Se ve que algunos no queremos dejar de preguntar: ¿qué es a ciencia cierta la cosmopolítica? En “Cosmopolítica contra biopoder: vida, poder y autonomía entre los wixaritari” Johannes Neurath indica que “se trata de una corriente de pensamiento reflexivo y experimental, así que formular una definición rígida de cosmopolítica sería interrumpir un proceso que apenas está comenzando”. En este capítulo, Johannes describe cómo la diversidad de regímenes relacionales, ontológicos y cosmopolíticos en las prácticas de los huicholes o wixarika es experimentada como un estímulo para la reflexión. Su hipótesis es que estas prácticas complejas del conocimiento “posibilita que los huicholes tuapuritari –en un entorno que es económicamente complicado, inseguro y violento– puedan actuar tan bien en la política y normalmente lograr sus principales objetivos” (Neurath 2020).
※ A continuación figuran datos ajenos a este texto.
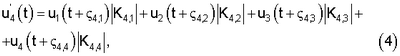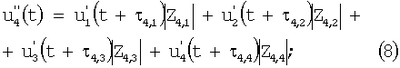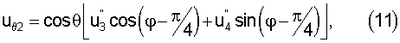Обозначим сигналы, на входе каждого из четырех вибраторов u1, u2, u3 и u4 соответственно (здесь индекс 1, 2, 3 и 4 определяется номером симметричного вибратора на фиг.2).

Al igual que Navarrete Linares y los otros autores, Neurath reflexiona sobre la producción de la multiplicidad como un principio de lo político y de la política –otra vez nos encontramos aquí con Clastres– y, más aún, de la cosmopolítica. A diferencia de otras autoras y autores, las propuestas reunidas en este libro no sólo registran la pluralidad de prácticas políticas (eso estábamos diciendo arriba), sino que observan la proliferación de nuevas, contradictorias y múltiples relaciones (todas per se políticas). Interpelando a las lectoras y a los lectores, Neurath se pregunta ¿por qué elegir ser indígena o ser mestizo, cuando se puede tener las dos cosas? ¿Por qué optar por la síntesis cuando pueden diseminar las antítesis? ¿Cómo habitar la divergencia y convertirla en una potencia fundante de toda relación? Como en la propuesta del contra-mestizaje de Goldman, la cosmopolítica wixarika deja espacio para vivencias identitarias no-binarias, algo que la tradición occidental –o como la llamaría Strathern (2005), euroamericana– difícilmente puede entender.